▶ What is required:
Begin the copy at the line containing "- 3-in-1 floor" and end it at the final line of the material below, reproducing each line exactly, without images.

▶ Data extract:
===============

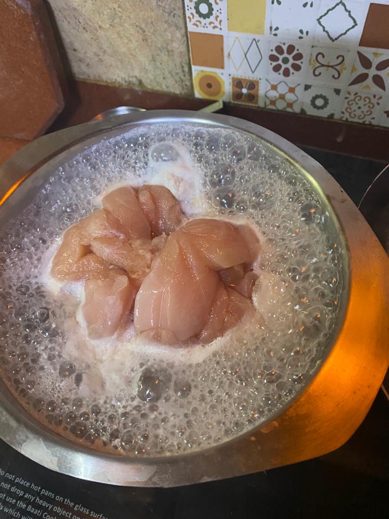 Step 1. Take chicken. I had frozen chicken chest. Boil it in water. For 8 minutes. Just plain water. Go and have music listening for a while.
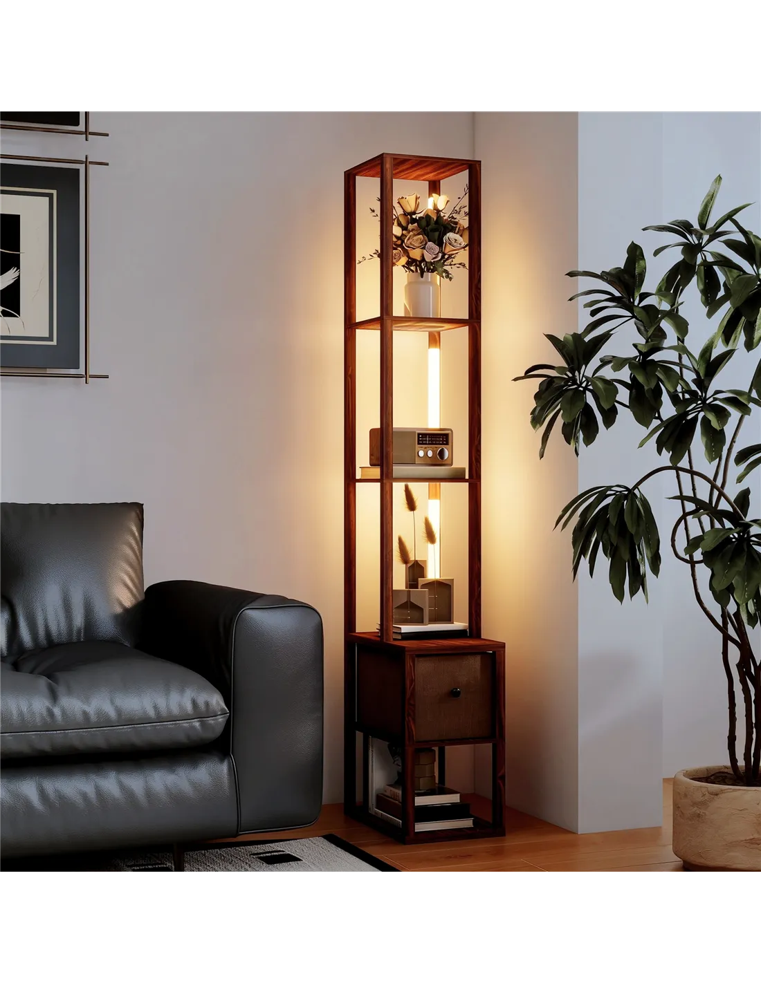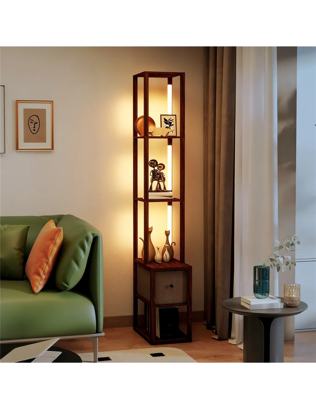 - 3-in-1 floor lamp integrates lighting, storage and display
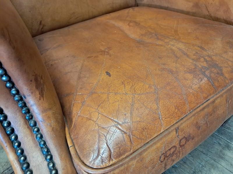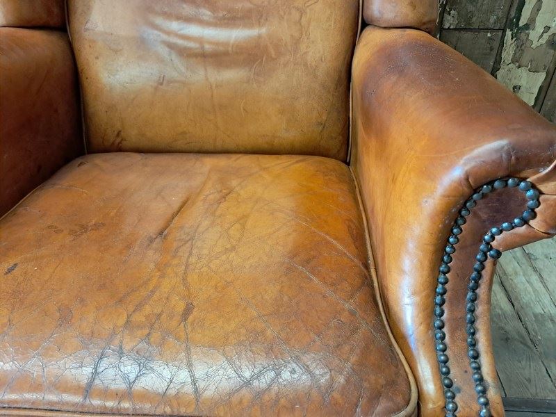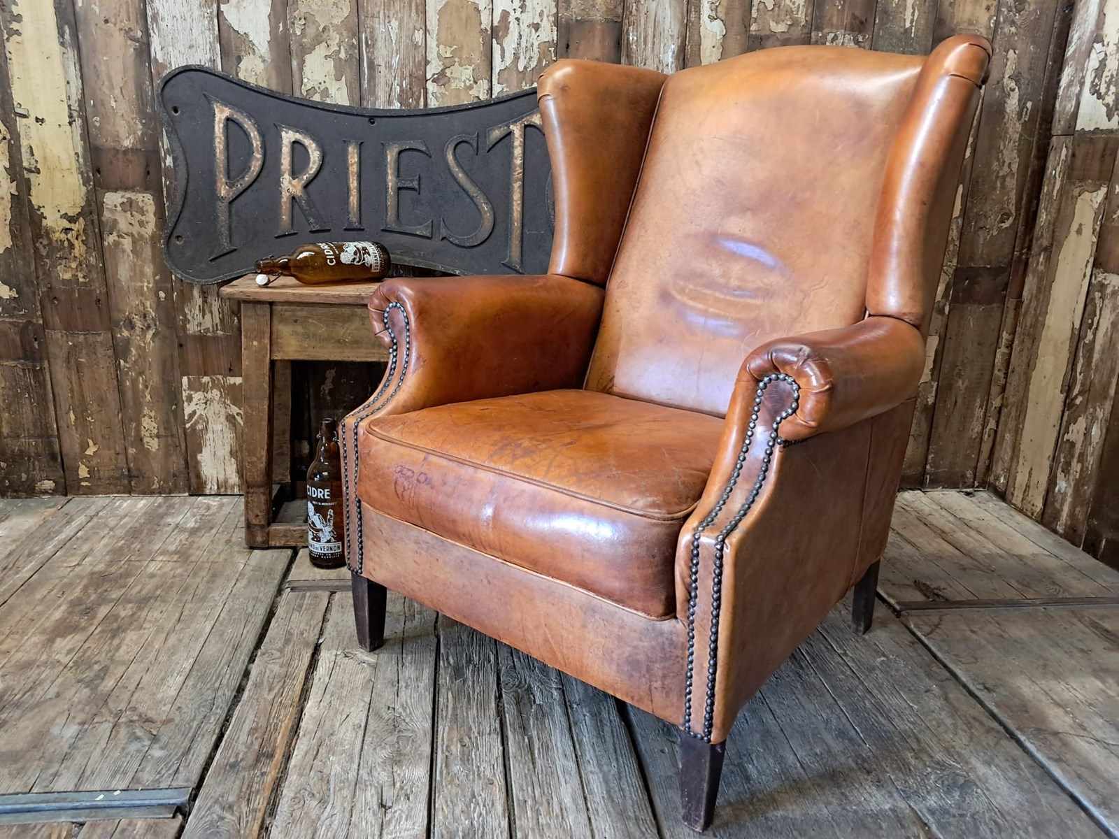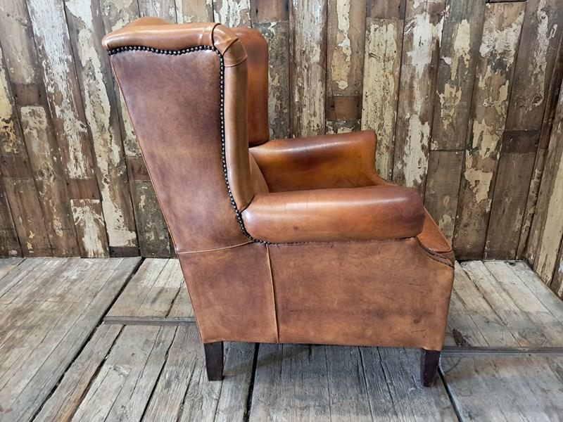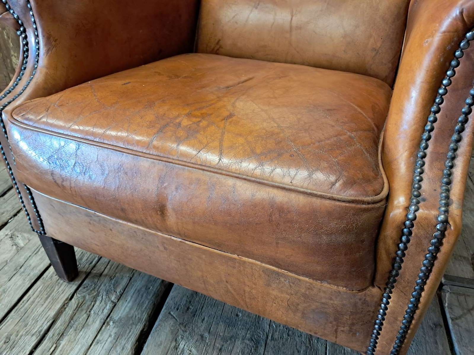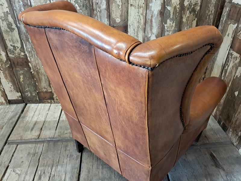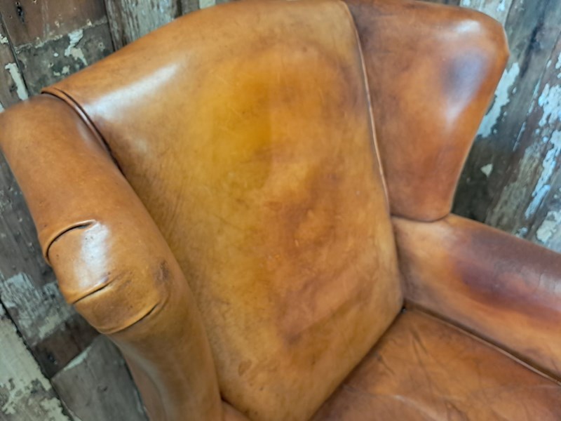 A stunning Dutch lambs leather wing back armchair in rich, hand-dyed tobacco leather.

===============

▶ Answer for the task:
 - 3-in-1 floor lamp integrates lighting, storage and display
 A stunning Dutch lambs leather wing back armchair in rich, hand-dyed tobacco leather.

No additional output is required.